Los desnudos de mujeres justificados en el contexto de baños turcos, para no suscitar las críticas del puritanismo de la época, constituye uno de sus temas más famosos, mitificado por el lienzo de “La Bañista de Valpinçon”.

La figura femenina de espaldas, protagonista de este lienzo, se repite en gran número de los cuadros del artista.

La maestría de la obra radica en una deformación de la anatomía, en sacrificio de un efecto estético.

Sin embargo, este procedimiento disidente para plasmar el cuerpo femenino, fue eternamente incomprendido por la crítica que tachaba al artista de excéntrico.

Su pintura religiosa, más aceptada y comprendida por la crítica de la época, imita los modelos de las obras religiosas de Rafael.

La pintura histórica y mitológica fueron dos temas estrechamente relacionados cultivados también por el artista.

Suelen ser telas de enorme formato, muy poblados de formas y figuras que narran una moraleja, siguiendo la tradición neoclásica.

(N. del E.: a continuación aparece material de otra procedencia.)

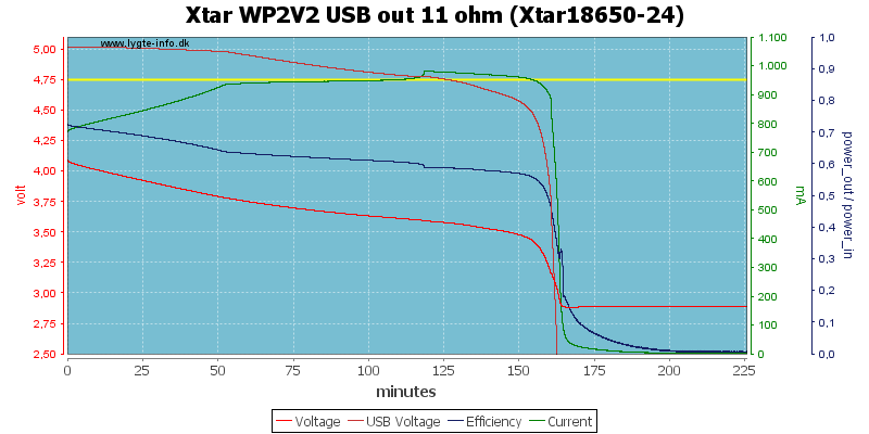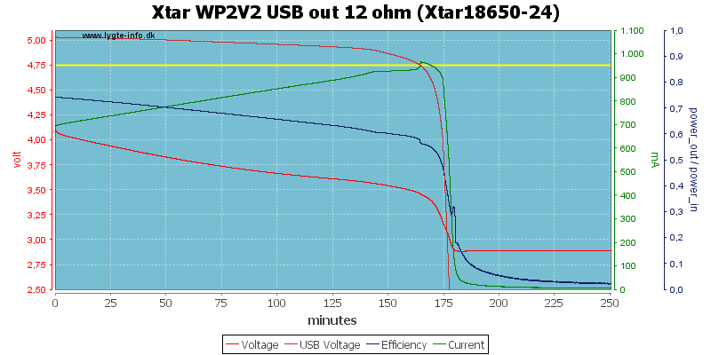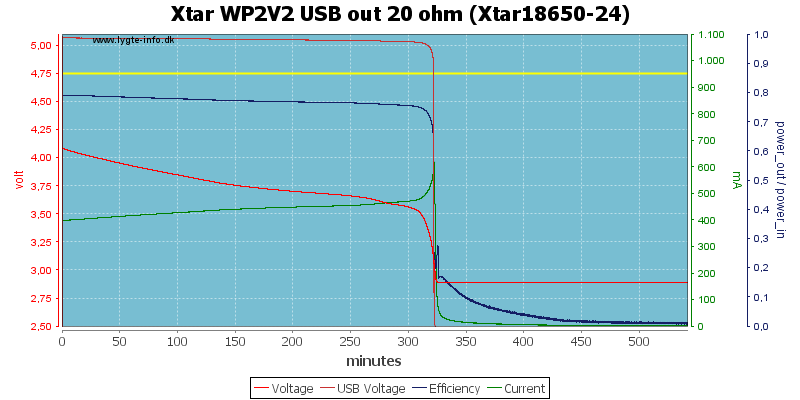 На графике выше иллюстрирован разряд нагрузкой 20Ом, что дает ток разряда равный 250мА. На USB выходе держалось напряжение 5В пока напряжение на Li-Ion аккумуляторе не упало приблизительно до 3В. При этом, зарядное устройство не выключилось полностью- аккумулятор постепенно разряжался до 2,8В и только затем отключился. Время работы USB выхода составило около 5,5 часов.

La pintura de Ingres ha tenido un gran peso y trascendencia tanto en el aspecto conceptual, como en el formal, en artistas de generaciones posteriores que adoptaron su manera de pintar y su estilo delicado y exquisito.

La transmisión del contenido de la pintura de Ingres alcanzó a la pintura romántica, al impresionista Degas e incluso sirvió de referencia en la vanguardia del siglo XX que suponía una “vuelta al orden y a la línea”, influyendo con el modo de reconstruir sus figuras, incluso en tan grandes artistas como Picasso y Salvador Dalí.